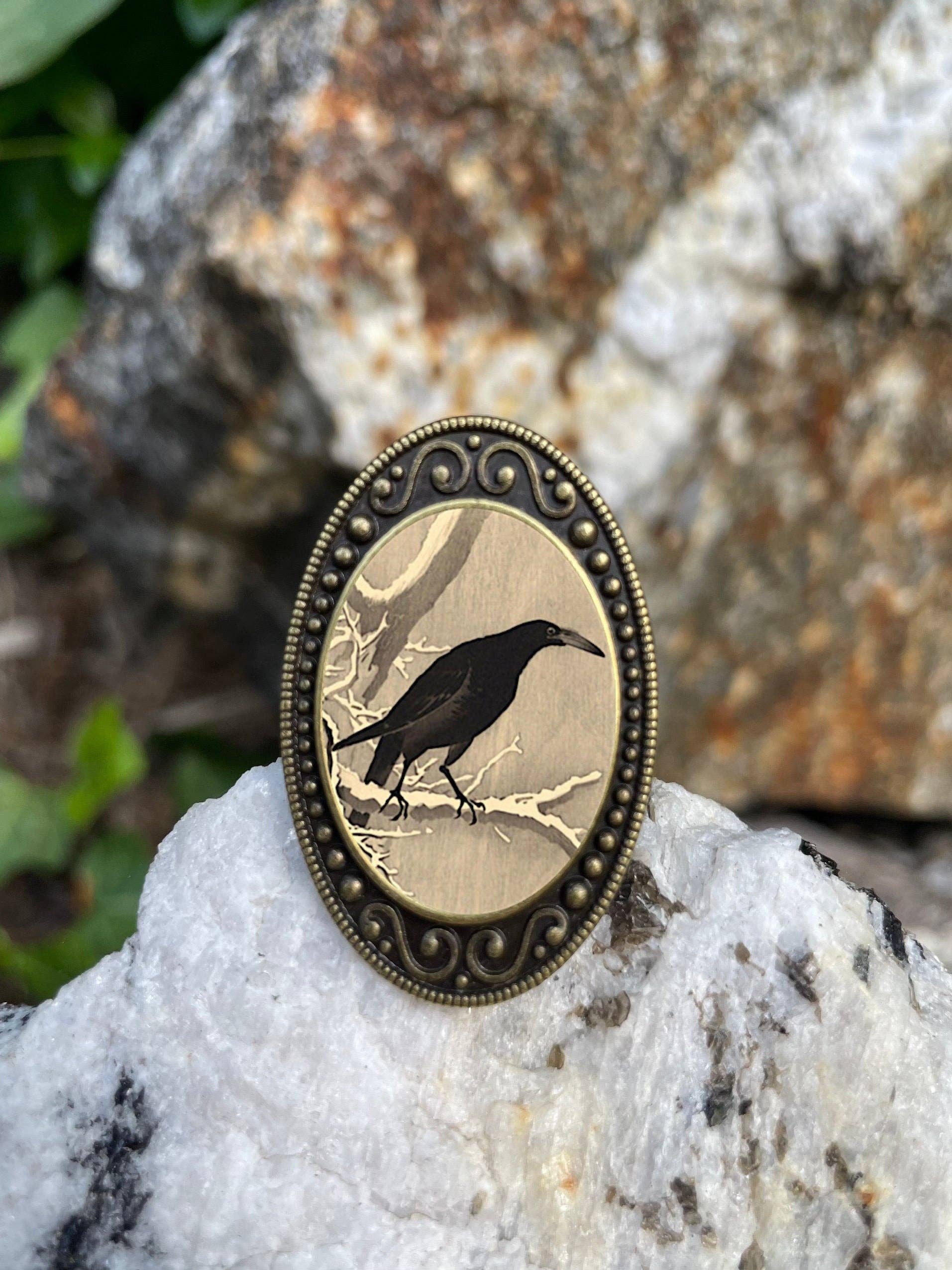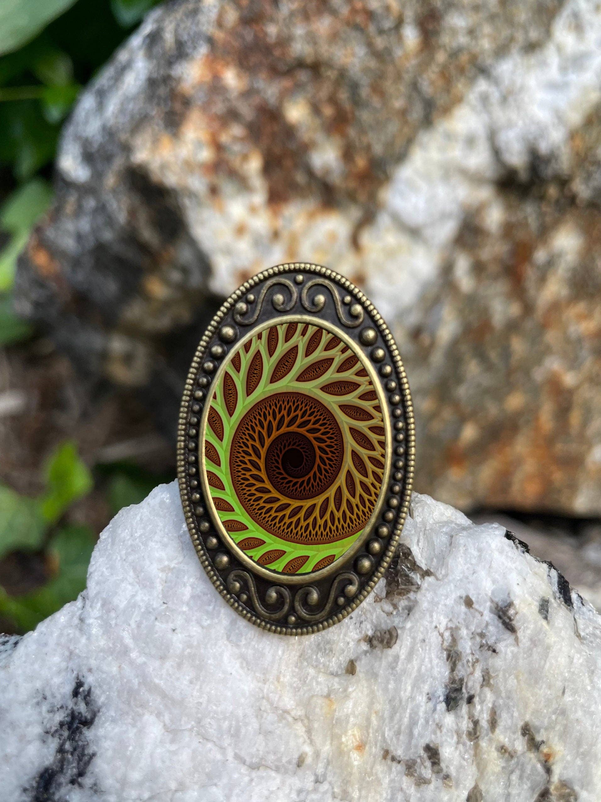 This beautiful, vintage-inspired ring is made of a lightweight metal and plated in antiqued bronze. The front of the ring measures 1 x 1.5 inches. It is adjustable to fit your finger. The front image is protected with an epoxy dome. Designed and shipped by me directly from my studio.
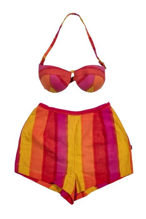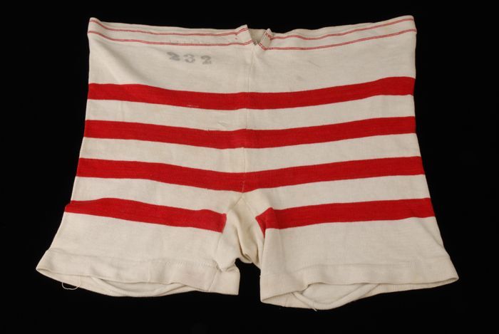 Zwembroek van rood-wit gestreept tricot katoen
---------------
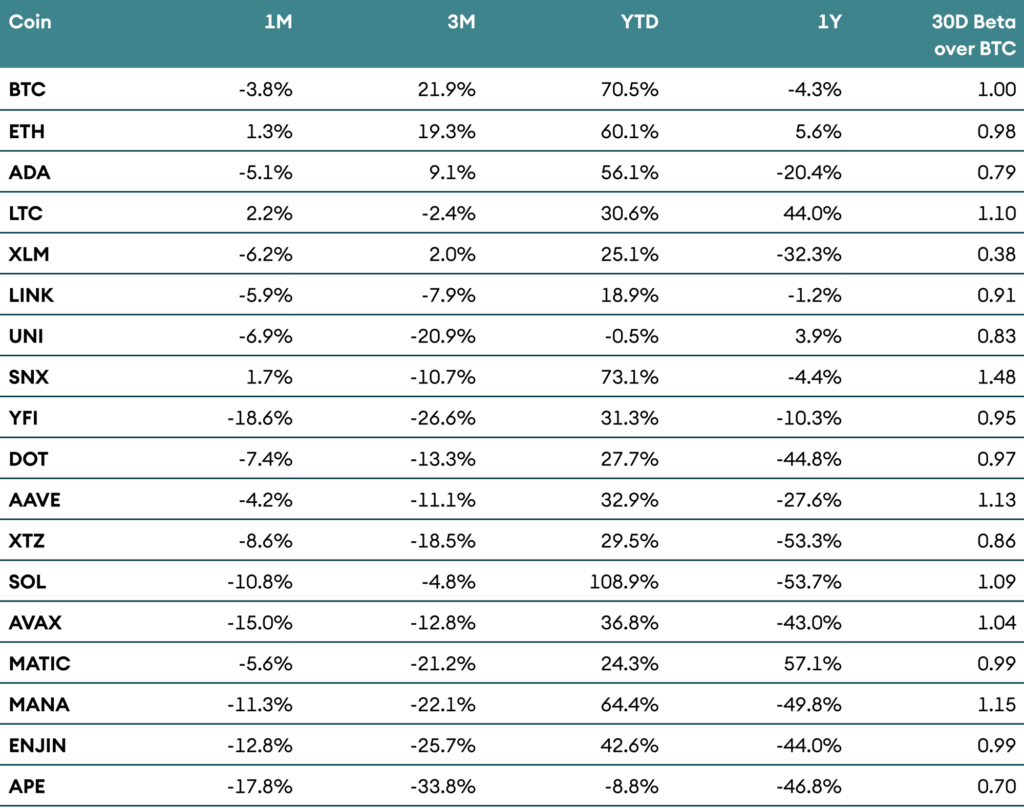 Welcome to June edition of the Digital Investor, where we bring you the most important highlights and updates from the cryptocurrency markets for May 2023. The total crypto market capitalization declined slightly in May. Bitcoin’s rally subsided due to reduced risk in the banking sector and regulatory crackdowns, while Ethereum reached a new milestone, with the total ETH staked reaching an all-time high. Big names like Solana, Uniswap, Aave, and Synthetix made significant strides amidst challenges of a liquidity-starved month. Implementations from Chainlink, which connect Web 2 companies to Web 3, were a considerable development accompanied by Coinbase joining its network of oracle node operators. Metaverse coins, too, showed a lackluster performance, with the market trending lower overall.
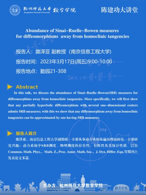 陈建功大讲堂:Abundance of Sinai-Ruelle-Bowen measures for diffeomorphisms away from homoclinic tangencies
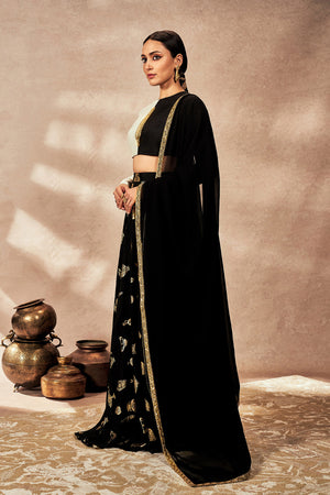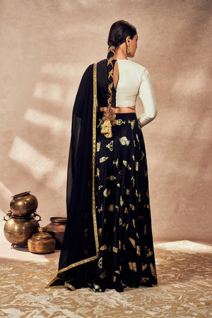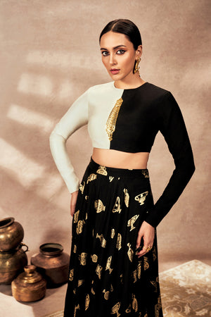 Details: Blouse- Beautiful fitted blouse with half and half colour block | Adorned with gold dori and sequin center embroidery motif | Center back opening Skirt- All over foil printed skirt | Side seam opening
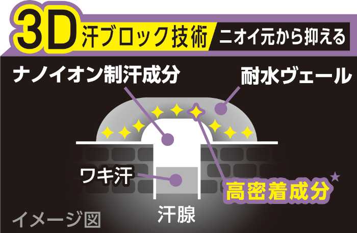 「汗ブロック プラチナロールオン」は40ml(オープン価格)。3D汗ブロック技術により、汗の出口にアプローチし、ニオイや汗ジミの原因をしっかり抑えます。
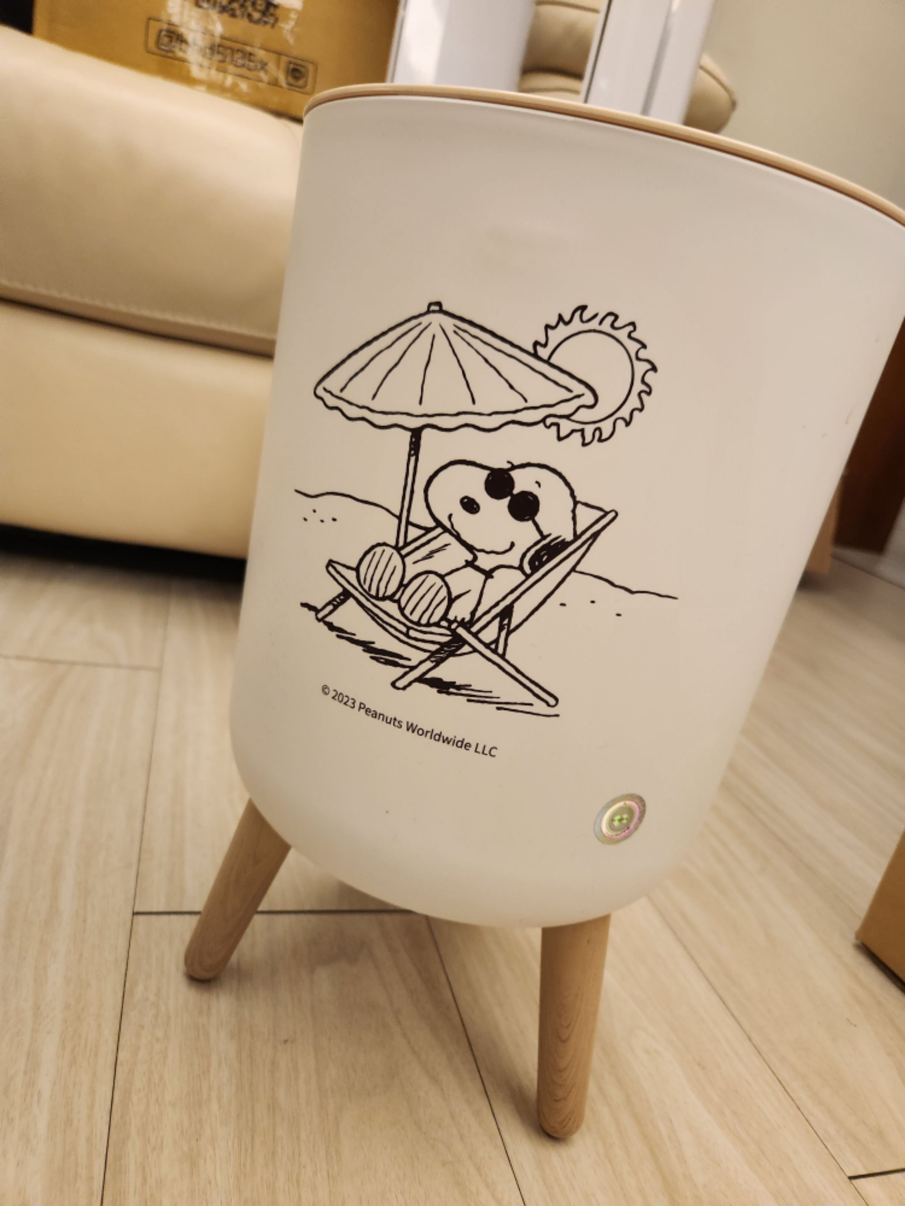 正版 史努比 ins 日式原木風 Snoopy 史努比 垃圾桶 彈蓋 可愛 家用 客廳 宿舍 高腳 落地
---------------
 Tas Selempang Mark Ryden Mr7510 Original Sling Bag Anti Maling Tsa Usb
---------------
Task objective:
Working from the records above, set down word for word everything from the line containing "Details: Blouse- Beautiful" down to the line containing "正版 史努比 ins 日式原木風", ends included, minus the pictures.

Result of the task:
 Details: Blouse- Beautiful fitted blouse with half and half colour block | Adorned with gold dori and sequin center embroidery motif | Center back opening Skirt- All over foil printed skirt | Side seam opening
 「汗ブロック プラチナロールオン」は40ml(オープン価格)。3D汗ブロック技術により、汗の出口にアプローチし、ニオイや汗ジミの原因をしっかり抑えます。
 正版 史努比 ins 日式原木風 Snoopy 史努比 垃圾桶 彈蓋 可愛 家用 客廳 宿舍 高腳 落地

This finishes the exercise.